Installing the Package
# No prerequisites required
pip install jimiko
API Documentation
SSH Client (PyJimikoClient)
Constructor Parameters
| Parameter | Type | Default | Description |
|---|---|---|---|
| ip | string | Required | IP address or hostname of the remote server |
| username | string | "" | Username for authentication |
| password | string | "" | Password for authentication |
| prompt | string | "" | Regex pattern to identify command completion |
| auth | bool | True | Whether to use authentication |
| port | int | 22 | SSH port number |
| command_timeout_ms | uint32 | 30000 | Command execution timeout in milliseconds |
| read_timeout_ms | uint32 | 5000 | Read operation timeout in milliseconds |
| terminal_type | string | "vt100" | Terminal type to use for PTY requests |
| use_pty | bool | True | Whether to request PTY |
Main Methods
| Method | Parameters | Return | Description |
|---|---|---|---|
| connect() | None | bool | Establishes connection to the server |
| disconnect() | None | None | Closes the connection |
| send(command, command_timeout_ms, read_timeout_ms, prompt) | string, uint32, uint32, string | string | Sends a command and returns output |
| get_initial_output(timeout_ms) | uint32 | string | Captures initial banner output |
PTY Options
When using shell connections, the SSH client uses a PTY (Pseudo Terminal). The available terminal types include:
- "vt100" - DEC VT100 terminal (default, recommended for Cisco devices)

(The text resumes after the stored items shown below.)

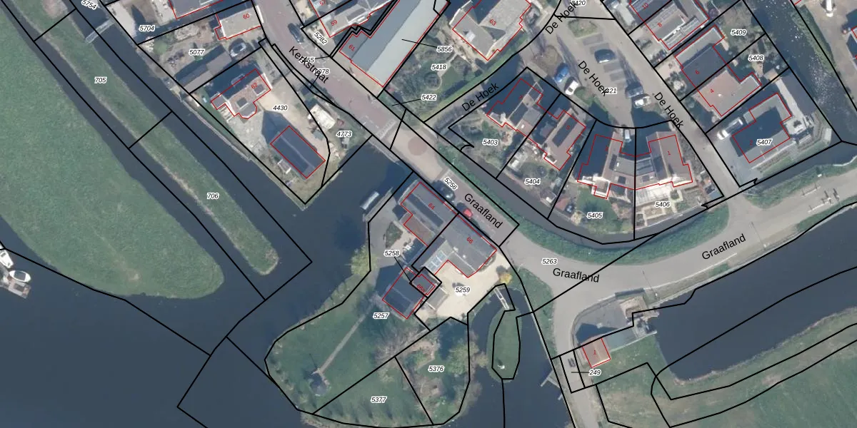 Kerkstraat 64 is gelegen op kadastraal perceel AMS02A5257. Deze kadastrale aanduiding is uniek en wordt gebruikt door het Kadaster om eigendomsrechten en andere zakelijke rechten vast te leggen. Het perceel maakt onderdeel uit van de kadastrale gemeente Groot-Ammers.
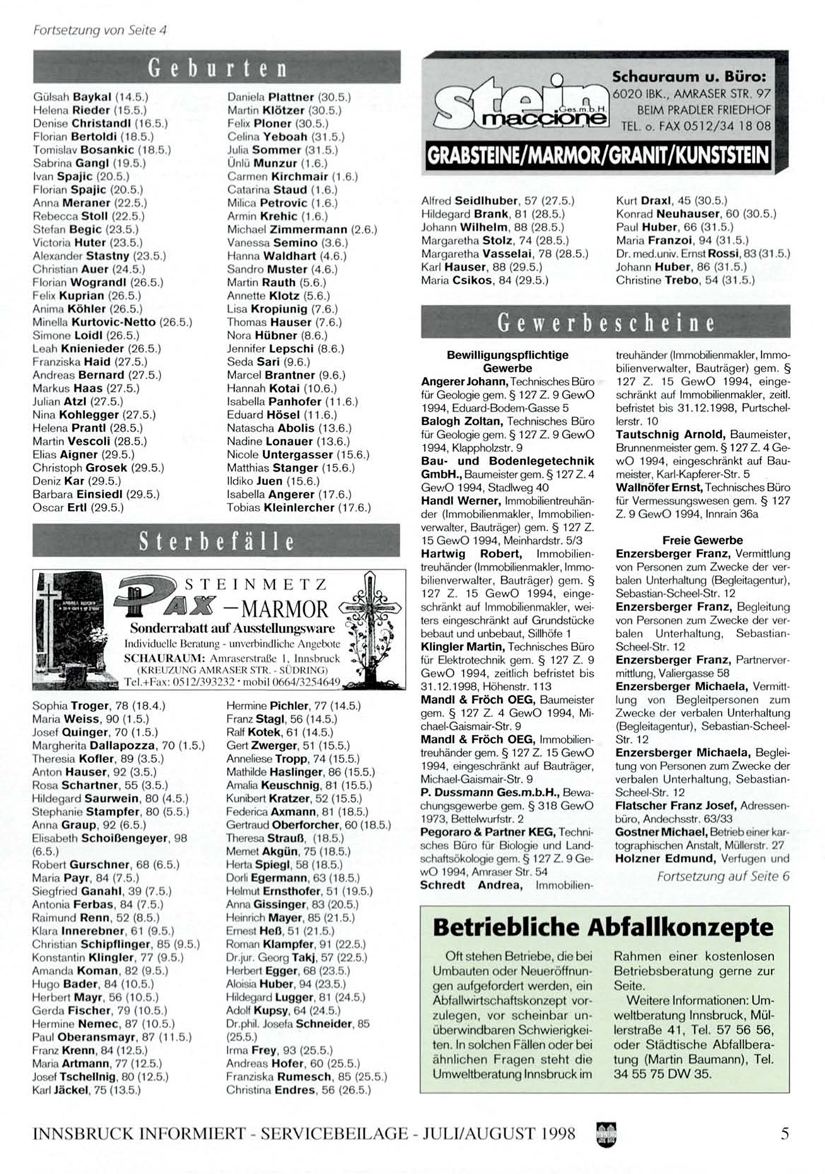 INNSBRUCK INIORMILRT - ShRVlCLBLlLACJL - JULI/AUGUST 1998
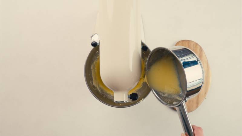 Remove the vanilla pod from the cream. Beat the butter until fluffy using a hand mixer with whisk attachments. Gradually add the vanilla cream and continue beating. The mixture should ultimately be easy to pipe. If it is too thin, place it in the refrigerator for 10-15 minutes and then continue beating. If the mixture has curdled, briefly heat the bowl in a bain-marie or with a hairdryer and then continue beating.
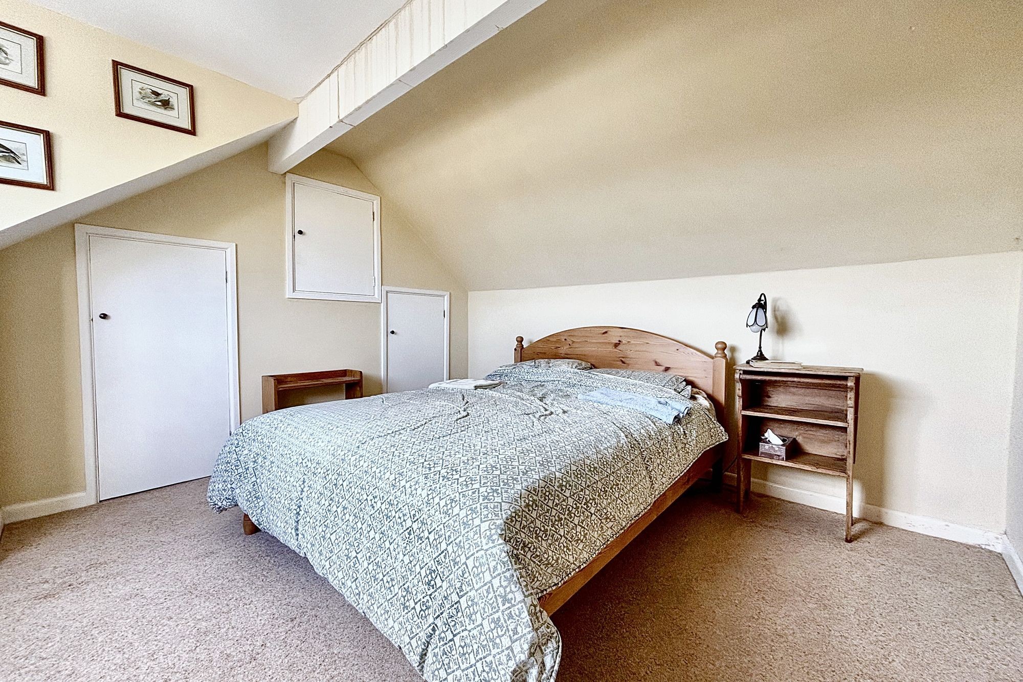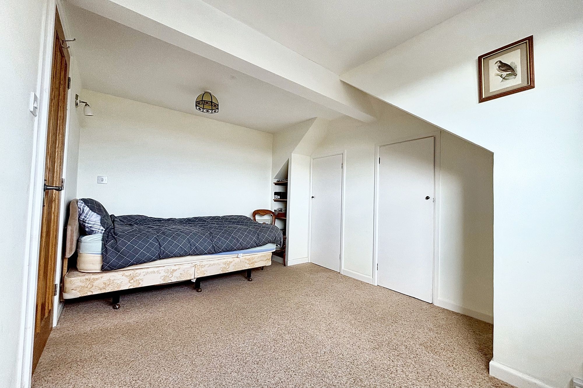 Dormer window to the front with nice far reaching countryside views. Two large cupboards/wardrobes give access to a loft storage area. Radiator.
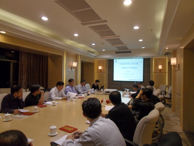 2014年10月24日,在中國地理學會2014年學術(shù)年會在成都召開之際,舉行了《地理科學》第六屆編委會、《Chinese Geographical Science》第五屆編委會工作會議。《地理科學》主編陸大道院士、《Chinese Geographical Science》主編傅伯杰院士及兩刊新一屆編委共30余人參加了會議。
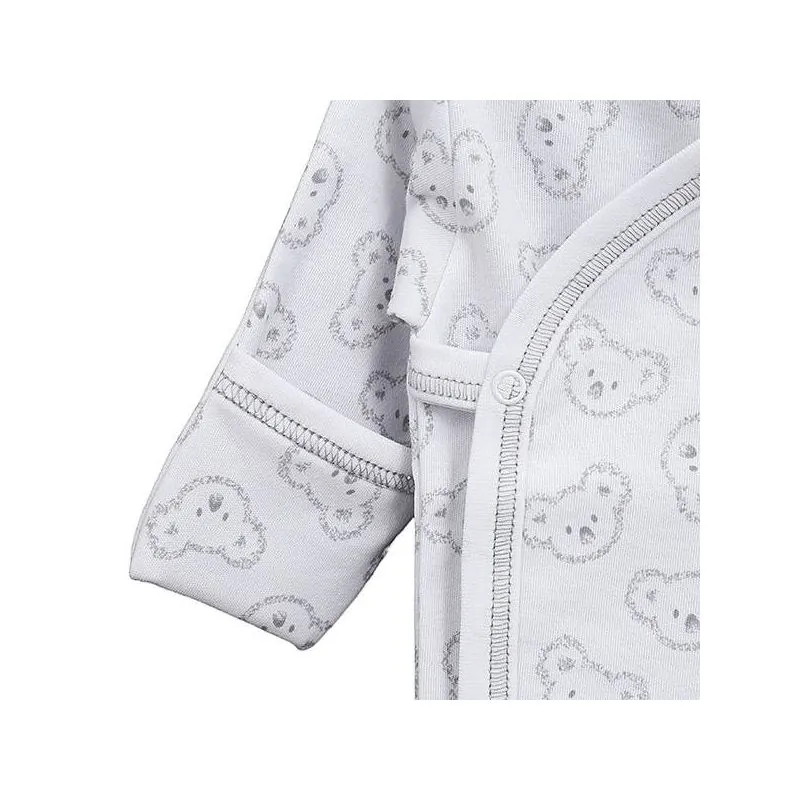 Ar garām piedurknēm;Atlokāmi cimdiņi;Aptinams;Aizverams ar spiedpogām sānos un starpenē;Izgatavots no mīksta un maiga trikotāžas, sertificēts pēc Oeko-tex standarta 100.Augstas kvalitātes apģērbs atbilst ES standartiem.Krāsa: balta;Ražots Lietuvā;
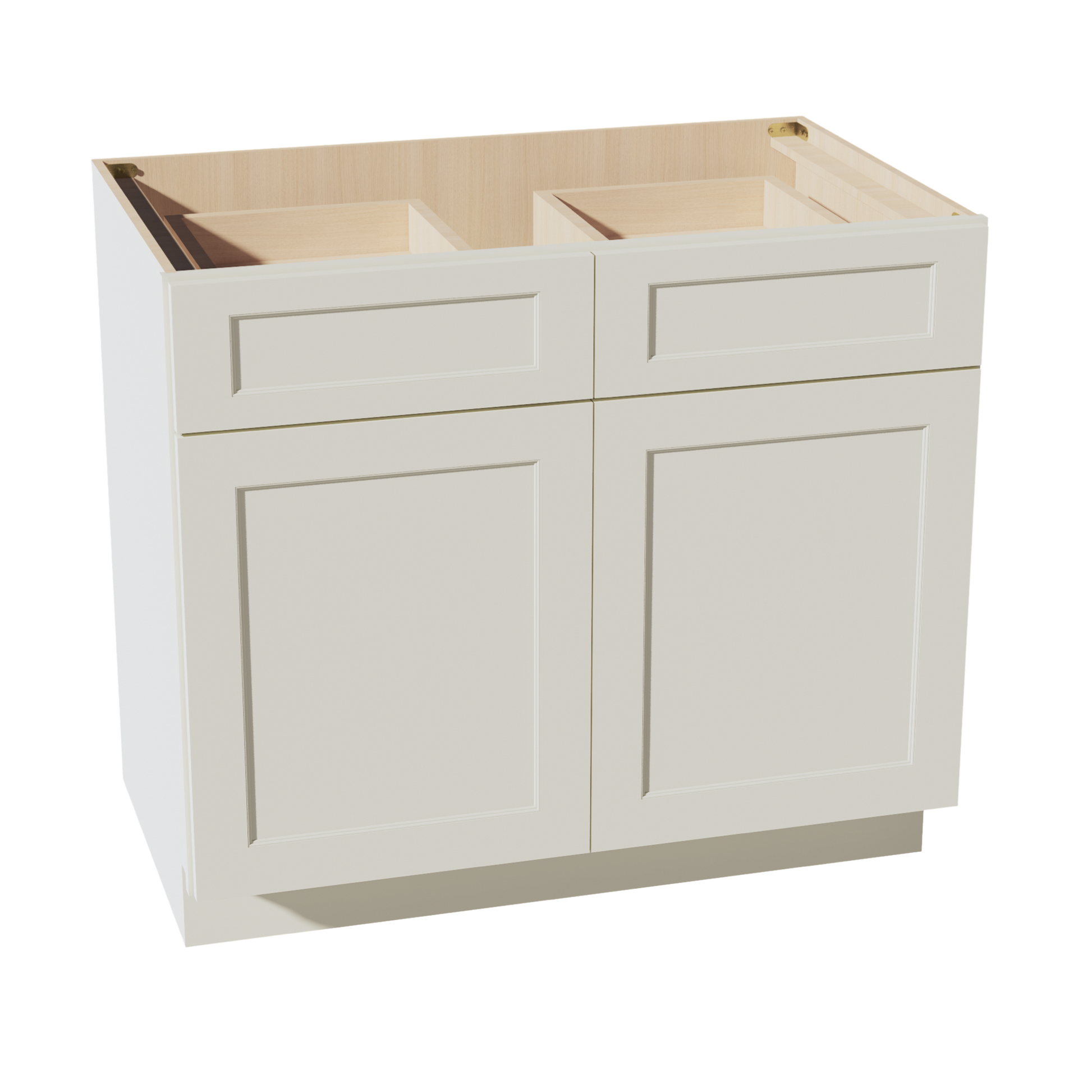 TW-B39: Creamy White Shaker 39" 2 Drawers 2 Doors Standard Base Cabinet
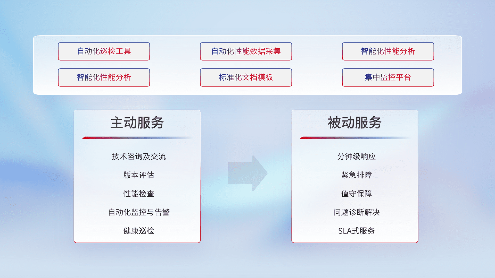 智能化工具和标准化文档,,,保障服务质量,,提供主动服务(包含技术咨询、、、版本评估、、、、性能检查、、、自动化监控与告警、、、健康巡检)和被动服务包含(分钟级响应、、、、紧急排障、、、值守保障、、、、问题诊断解决、、SLA服务)。。。
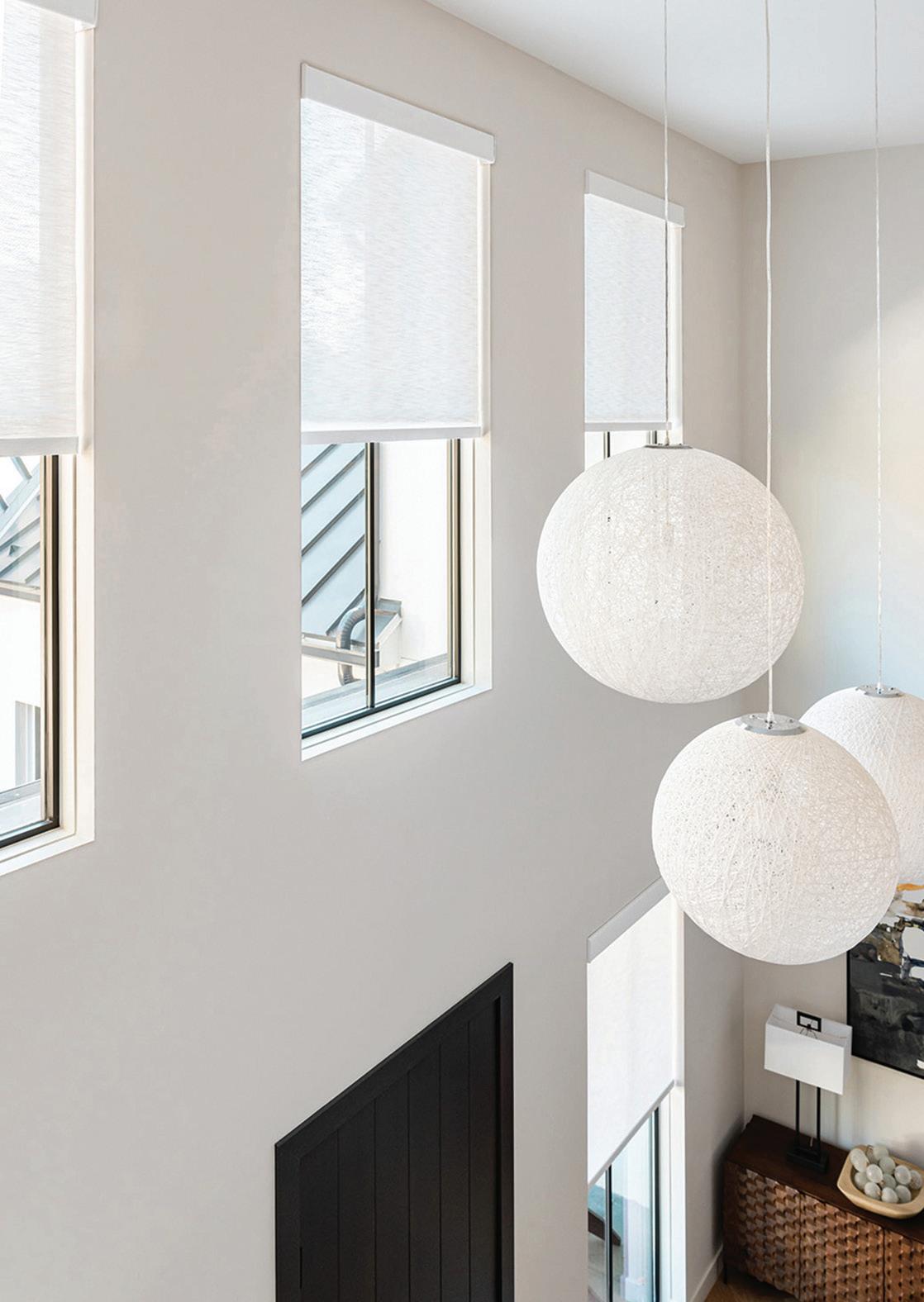 Motorized roller shades on the lower windows add an extra layer of privacy without interrupting the clean, open aesthetic. There are no cords or clutter, just smooth performance and sleek design that fits effortlessly into the space.
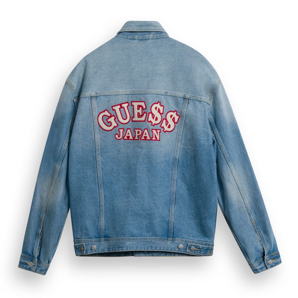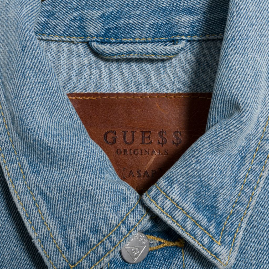 Inspired by the nostalgic style of the 90s, A$AP Rocky joined forces with GUESS to create a capsule collection of updated iconic styles. This oversized denim jacket is a rare find, sold exclusively in Japan. This wardrobe staple is elevated with a large back patch and classic GUESS logo on front hem. Features button front closures, front patch pockets and side slit pockets. In excellent condition.
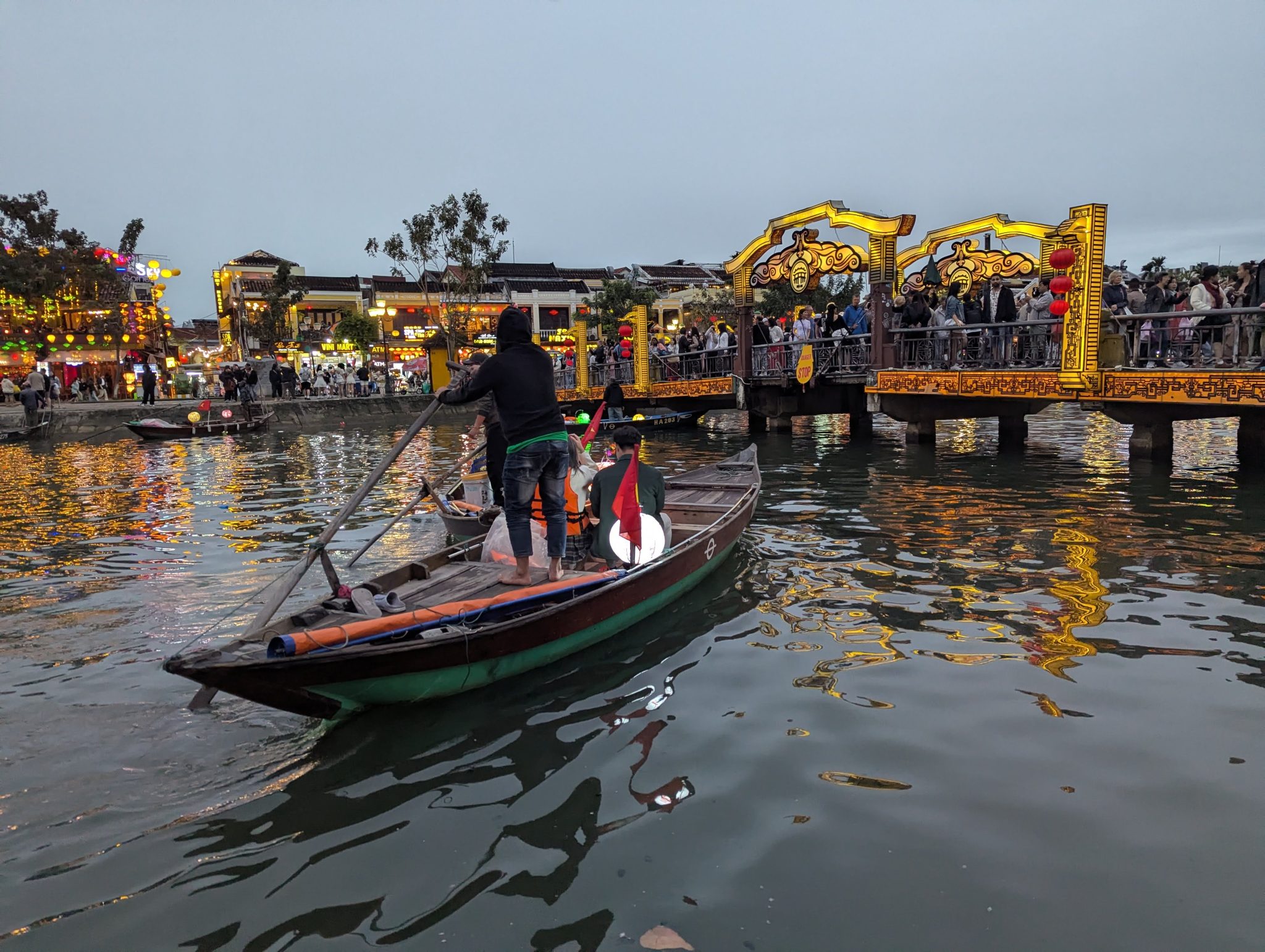 After lunch we continue our exploration of Hoi An. After a bit of walking we arrive at the Chua Cau, or the Japanese Bridge. It’s a bridge built by Japanese merchants in the 16th century and there is a temple at the centre. But these days, it looks to primarily be a popular Instagram spot for most tourists! On a calm water day like today though, the reflections do make for a very picturesque scene. Add the Hoi An architecture to the background and I can understand the appeal!
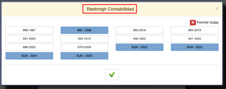 - Contabilidades restringidas: Se pueden seleccionar las contabilidades a las que el usuario puede acceder.
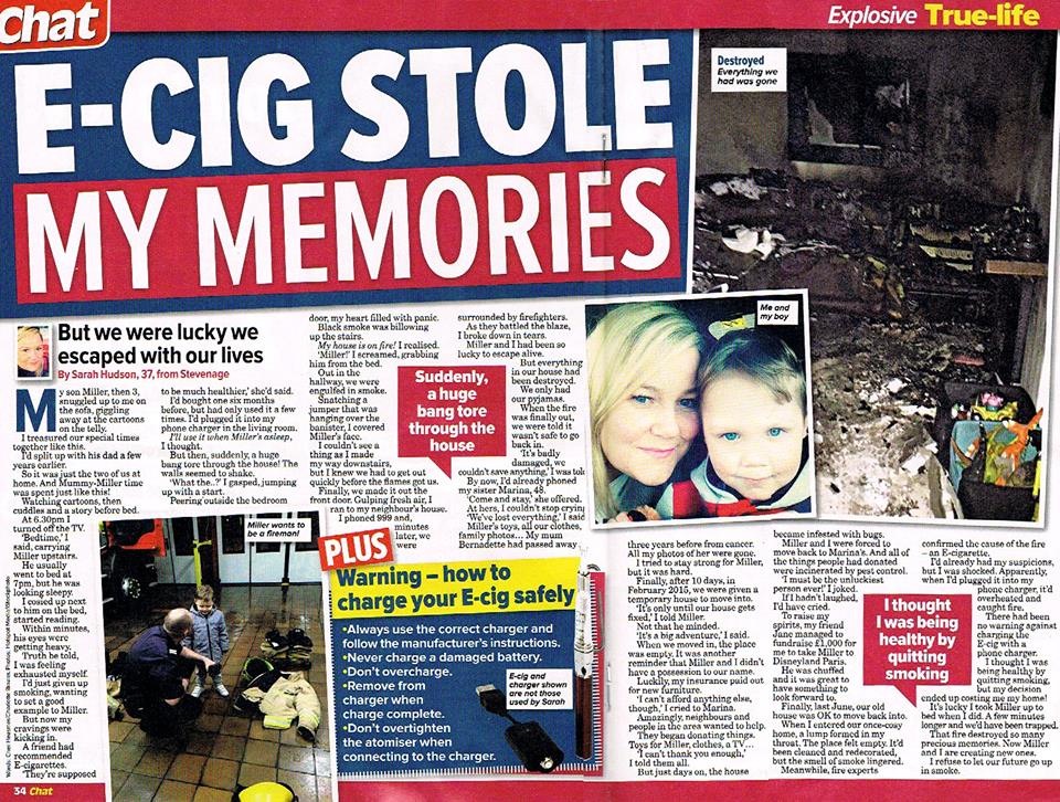 Sarah had just finished reading her son a bed-time story when her house was set on fire by an E-cigarette she had plugged in downstairs. To add insult to injury, Sarah had only given up smoking that day. Thankfully she and her son escaped the fire and are now back in their home. Sarah shared her story in Chat to highlight the potential dangers of charging E-cigarettes.
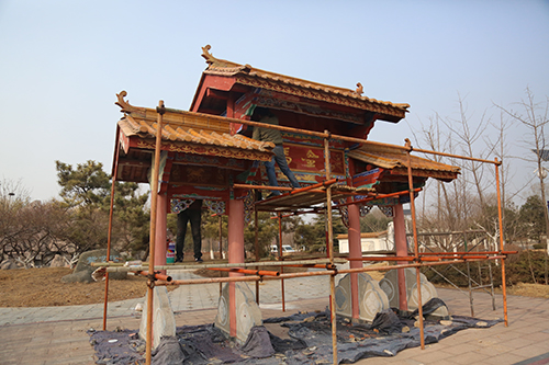 展園內(nèi)仿古彩繪維修項目主要對原有展園仿古建筑中木作油漆和墻面漆脫落、瓦面破損等部位進行維修,提高建筑觀賞性。共需涂刷油漆775平方米、彩畫1013平方米、更換瓦面490平方米、涂刷乳膠漆940平方米等,目前已涂刷仿古彩繪油漆約1990平方米。
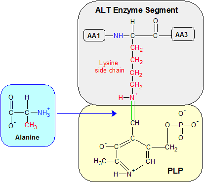 Step 1: Transamination begins when the green bond between PLP's carbon atom and lysine's epsilon amine group is severed in a hydrolysis reaction that restores PLP's aldehyde (H-C=O) group (not shown). Alanine binds to PLP's aldehyde group in a condensation reaction, forming the ketimine molecule shown below. The alpha amine groups are blue and the amino acid side chains are red. AA1 and AA3 are amino acids adjacent to lysine in the ALT enzyme.
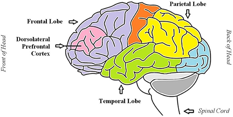 Lidt tristhed og stress er almindeligt i livet, og de fleste mennesker oplever disse følelser i sunde mængder. Men længere perioder med depression, angst og stress kan nogle gange være tegn på forstyrrelser i humørreguleringen, som går hårdt ud over det mentale (og fysiske) helbred. Ferrucci et al [2] brugte tDCS til at reducere symptomerne på en meget almindelig humørreguleringsforstyrrelse, kendt som major depressive disorder (MDD). Denne lidelse er forbundet med vedvarende følelser af tristhed, lavt energiniveau, ændringer i appetitten og tab af interesse for aktiviteter. Disse symptomer er langvarige og menes at være forårsaget af en ubalance i hjernens aktivitet. Scanninger af hjernen viser lavere neuronal aktivitet end normalt i et område i den forreste del af hjernen kaldet venstre dorsolaterale præfrontale cortex (DLPFC; se figur 3) og nogle gange højere neuronal aktivitet end normalt i højre DLPFC. DLPFC har forbindelser til følelsesområder, der ligger dybere i hjernen, og spiller derfor en vigtig rolle i at kontrollere humøret. I denne undersøgelse udfyldte deltagere med svær depression først spørgeskemaer for at vurdere deres humør. Derefter blev deltagerne i 5 dage i træk stimuleret i venstre DLPFC i 20 minutter, to gange hver dag. Deltagerne udfyldte spørgeskemaerne om humør igen umiddelbart efter tDCS, og de fleste viste forbedringer på dem alle! Selv da de blev testet en måned senere, viste deltagerne stadig færre symptomer på tristhed og depression.

- "vt102" - DEC VT102 terminal
- "vt220" - DEC VT220 terminal
- "xterm" - X Window System terminal
- "ansi" - ANSI terminal
- "linux" - Linux console
- "vanilla" - Basic terminal
- "dumb" - Minimal terminal
Different network devices may require different terminal types for optimal compatibility.
Default "vt100"
SFTP Client (PyJimikoSFTPClient)
Constructor Parameters
| Parameter | Type | Default | Description |
|---|---|---|---|
| ip | string | Required | IP address or hostname of the remote server |
| username | string | Required | Username for authentication |
| password | string | Required | Password for authentication |
| port | int | 22 | SSH port number |
| operation_timeout_ms | uint32 | 30000 | Operation timeout in milliseconds |
Main Methods
| Method | Parameters | Return | Description |
|---|---|---|---|
| connect() | None | bool | Establishes SFTP connection |
| disconnect() | None | None | Closes the connection |
| put(local_path, remote_path, mode) | string, string, int | bool | Uploads file to remote server |
| get(remote_path, local_path) | string, string | bool | Downloads file from remote server |
| list_dir(path) | string | vector | Lists directory contents |
| file_exists(path) | string | bool | Checks if file exists |
| file_info(path) | string | SFTPFileInfo | Gets file information |
| make_dir(path, mode) | string, int | bool | Creates a directory |
| remove_file(path) | string | bool | Deletes a file |
| remove_dir(path) | string | bool | Removes a directory |
| rename(old_path, new_path) | string, string | bool | Renames a file or directory |
Usage Examples
SSH Client (Authenticated)
from jimiko import PyJimikoClient
# Create SSH client with authentication
client = PyJimikoClient(
ip="192.168.1.1",
username="admin",
password="password123",
prompt="[$#>]", # Regex pattern for common prompts
auth=True,
port=22,
command_timeout_ms=5000, # 5 seconds command timeout
read_timeout_ms=10000, # 10 seconds read timeout
terminal_type="vt100" # Use vt100 for Cisco devices
)
# Connect to device
if client.connect():
# Basic command - uses the default prompt
result = client.send("show version")
print(result)
# Configure command with custom prompt
config_result = client.send("configure terminal", prompt="\\(config\\)#")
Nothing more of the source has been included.